Toronto City Councillor for Ward 5
- In office 1988–1994
- Preceded by: Dale Martin
- Succeeded by: Dan Leckie

Personal details
- Born: 1938 (age 87–88) Toronto, Ontario, Canada

= Elizabeth Amer =

Canadian politician

Elizabeth Amer (born 1938) is a Canadian politician who served on Toronto City Council as councillor for Ward 5 from 1988 to 1994.

==Background==

Born in Toronto, Ontario, she is the daughter of Margaret Coleman, a "den mother" to the city's arts scene who had played a key role in the establishment of Coach House Books, and the sister of poet Victor Coleman. She had originally been drawn to life on the Toronto Islands through visiting her grandparents, who lived on Ward's Island; Amer moved in with her grandmother after completing high school, and later inherited the house after her mother's death.

She was an editor of a local Toronto Island community newspaper, The Goose and Duck, in the early 1970s. She attained citywide prominence in 1980 as an advocate for residents of the Toronto Islands when the Metropolitan Toronto Council of that era attempted to evict them on the grounds that the islands were zoned as parkland. Her activism successfully staved off the eviction, and eventually led to the passage of new provincial legislation in 1993 to protect the homes on the islands by granting the residents 99-year leases on their properties.

She remained an outspoken activist for the rights of island residents through the 1980s, including as spokesperson for the island's residents association.

==Political career==
She ran in the 1988 Toronto municipal election, winning a seat as the councillor for Ward 5 over challenger Peter Maloney, although Maloney claimed during the campaign that Amer's endorsement by the Metro New Democratic Party meant that he felt like he was really running against Jack Layton. During the election campaign, she spoke out against a common practice whereby wealthy lawyers and developers, whose offices were largely located in Ward 5, were effectively able to gain a double vote in both Ward 5 and their home wards by listing their office as a secondary residence.

She was one of six councillors, alongside Layton, Barbara Hall, Kay Gardner, Nadine Nowlan and Tom Jakobek, appointed to the new executive committee after the election.

In one of her first significant acts on council, she opposed a waterfront condominium project whose developer had appealed to the Ontario Municipal Board for a bypass of the city's approval process.

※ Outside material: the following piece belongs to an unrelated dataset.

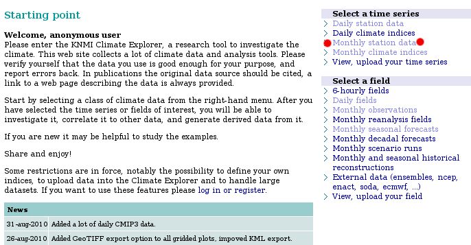 Sağ sütunda iki ana seçenek var. Bunlardan ilki bir zaman serisi (time series) seçmenize, ikincisi de bir alan (field), yani tek bir nokta değil de birden çok noktayı kapsayan bir veri seti seçmenize olanak tanıyor. Dünya kadar güncel ve tarihsel veriye ulaşmanız mümkün. Mesela Monthly station data seçeneğinden, GHCN tarafından bir araya getirilmiş dünyadaki yaklaşık 7000 istasyonun bir çoğunun aylık tarihsel sıcaklık ve yağış verisini görüntüleyebilirsiniz. Onun altındaki Monthly climate indices seçeneği ise sizi ENSO, NAO, AO ve başka birçok iklim indisinin tarihsel değerlerine ulaştırıyor. Ben burada şimdilik, sizin ilginizi en fazla çekeceğini düşündüğüm ve Türkiye’yle ilgili en fazla veriye ulaştıran bölümü nasıl kullanmanız gerektiğini izah edeceğim.

In 1989, she brokered a compromise that approved an expansion proposal at the Art Gallery of Ontario, by allowing the renovation to proceed in exchange for the gallery dropping its controversial request to have much of Grange Park converted into a parking lot.

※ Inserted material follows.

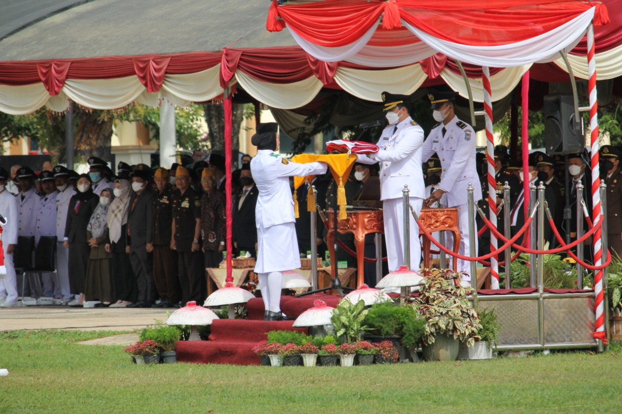 Barabai,Metrotalenta.online–Upacara Detik-detik Peringatan Proklamasi Kemerdekaan Republik Indonesia di Hulu Sungai Tengah berlangsung di Lapangan Dwi Warna Barabai dengan inspektur upacara Bupati HST H.Aulia Oktafiandi.ST.,M.AppCom berjalan dengan lancar.Rabu (17/08).

In 1990, Amer was one of five councillors, alongside Layton, Nowlan, Howard Levine and Marilyn Churley, who opposed a Toronto city council resolution supporting a bid by the City of Toronto for the 1996 Olympic Games. Also in 1990, she served on the Festival of Festivals jury for the Best Canadian Film, alongside Robert Daudelin, Monika Treut, Patricia Gruben and Jay Switzer.

She was reelected to a second term on council in the 1991 Toronto municipal election. In early 1992, mayor June Rowlands appointed Amer, alongside Hall, Jakobek and Betty Disero, to a committee tasked to negotiate over the redevelopment of the railway lands near the SkyDome.

Amer was on the Toronto Mayor's Committee on Aging in 1993. In the same year she advocated for improvements to the Martin Goodman Trail after people reported problems with an apartment building whose front door opened directly onto the trail, and was one of seven councillors who voted against renaming a portion of Peter Street to Blue Jays Way.

In 1993 Amer co-authored the book Taking Action: Working Together for Positive Change in Your Community, a grassroots organizing guide.

She did not run for re-election in the 1994 Toronto municipal election; she alleged that she was pushed out by the NDP establishment, although according to Olivia Chow the NDP merely declined to block Lee Zaslofsky from challenging Amer for the nomination. She was succeeded by Dan Leckie, while Zaslofsky ran to succeed Dale Martin in Ward 6 instead of challenging Leckie, and himself lost to Chow.

==Post-political life==
She was appointed to the board of the Ontario College of Pharmacists by the government of Bob Rae in 1995.

She was subsequently founding president of Friends of the Toronto Public Library. In his book Witness to a City, later Toronto mayor David Miller also credited Amer as one of the driving forces behind the creation of the Toronto Public Library's Lillian H. Smith branch in 1995.

Her prominence as an activist was renewed in the early 2000s when provincial environment minister Chris Stockwell compared island residents to squatters, and argued that the prior legislation protecting their rights should be overturned so that the residents could be evicted to turn the island into parkland. The provincial government again backed off of the threat.

As of 2023, Amer still lived on the Toronto Islands.